Вечером мой легкомысленный поступок был подвержен остракизму. Больше всех, естественно, возмущался Сосо, он бегал по комнате и утверждал, что я иду самым примитивным путем.
— Что ты имеешь ввиду, князь?
— А то, что вы, граф, путаете свой карман с чужим.
Я обиделся: не для себя стараюсь, а для всего общества.
— А деньги мои, — заметил Сосо, — но дело даже не в этом, а в итоге. Почему мы должны доверять какому-то Оси Трахбахбергу, да?
— Как, вы не знаете Трахберга? — удивился я. — Ося знает всё, и результат будет завтра.
— Завтра — это хорошо, — рассудительно заметил господин Могилевский.
— Это черт знает что, а не хорошо, — возмущался господин Мамиашвили, что это за хорошее дело, когда одни убытки?
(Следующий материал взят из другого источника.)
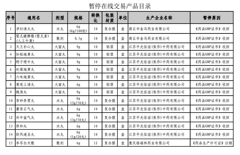 今日(4月6日),浙江省藥械采購(gòu)中心公布一批取消在線交易資格的產(chǎn)品,15個(gè)產(chǎn)品均是中成藥,其中14個(gè)被收回GMP證書,1個(gè)藥品生產(chǎn)許可證被注銷。

Нет, мне капитала не жалко, лохом не хочу быть!
К счастью, появились девушки Александра и София, и князь сделал широкий жест: ладно, он — платит, хотя и не верит моим сомнительным россказням и розыскам.
— А вы сами-то, — вспомнил, — что имеете?
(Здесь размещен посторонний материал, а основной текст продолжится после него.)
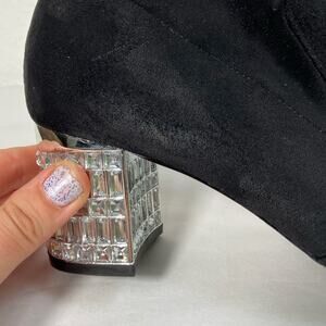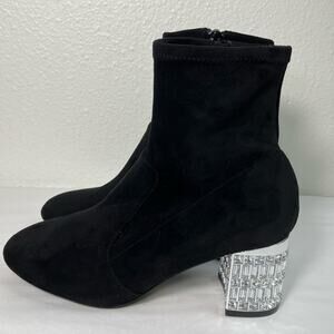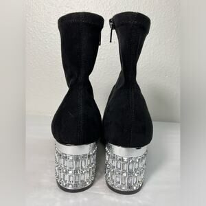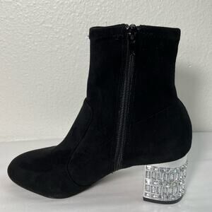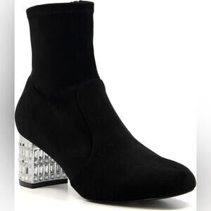 Sparkling crystals covering the block heel add undeniable glamour to this streamlined bootie.

Надо признаться, день для моих друзей был куда успешнее. Через полковника ГАИ Каблучкина и общегородской компьютер были установлены владельцы хренова «Мерседеса» и хреновой «Ауди». Первый автомобиль принадлежал господину Лиськину, известному деятелю в эстрадном шоу-бизнесе, а второй — гражданину Литвы Субайсису, гостю нашей столицы.
— И что из этого следует?
— Пока ничего, Ванечка, — ответила Александра. — Более того, господин Лиськин гуляет по Елисейским полям и возвращается только завтра.
— А Субайсис?
— Уезжает, — ответила Софочка. — Завтра. Из гостиницы «Метрополь».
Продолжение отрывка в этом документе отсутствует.